He does not think this leap was accidental: “I’m a Christian. I give God all the glory for all he’s done.”

That simple bit of advertising has been successful.

“It’s been going good. I’ve gotten a ton of phone calls, left and right. A lot of people have been kind of shocked seeing a palm tree in Nashville. A lot of people are very interested. I haven’t sold a ton, but I’ve sold many.”

He expects that this year’s foray into the palm-planting profession – and the subsequent winterizing he recommends for most of the trees — will lead to more success next year, when “God will bless us and it will be really good. You’ve just got to trust God and make sure it works and follow through.”

Of course, he hopes his faith in fronds will help fulfill his own dreams as well as those of some of his beach-loving customers.

“When I think of the palm tree, I think of when Jesus was on earth, when they were waving palms.

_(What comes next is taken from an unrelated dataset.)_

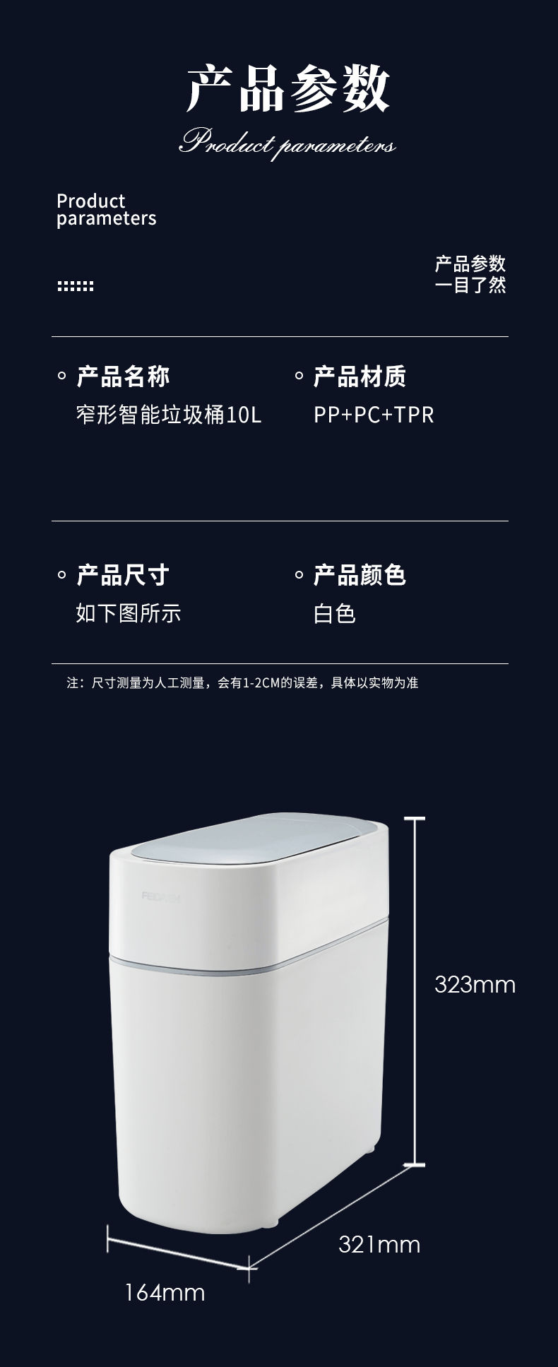 品牌名称:米兰(中国)三和 生产地区:中国·浙江·台州 米兰(中国)货号:TG6100 装箱数:1 米兰(中国)尺寸:32.3x16.4x31.8cm 外箱尺寸:33.5x17.5x33.5cm 条形码:6931643824934 米兰(中国)三和TG6100 窄形智能垃圾桶 10L

It’s an awesome tree.”

So instead of waiting until that next trip to Orange Beach or the Florida panhandle for the psychological lift bestowed by that first glimpse of a palm, Howlett recommends Nashvillians insert bits of the beach in their own front yards, where fronds will flourish through gray winters and into bright summers to come.

As Tug McGraw, a great poet of summer’s hope, once said: “Ya gotta believe.”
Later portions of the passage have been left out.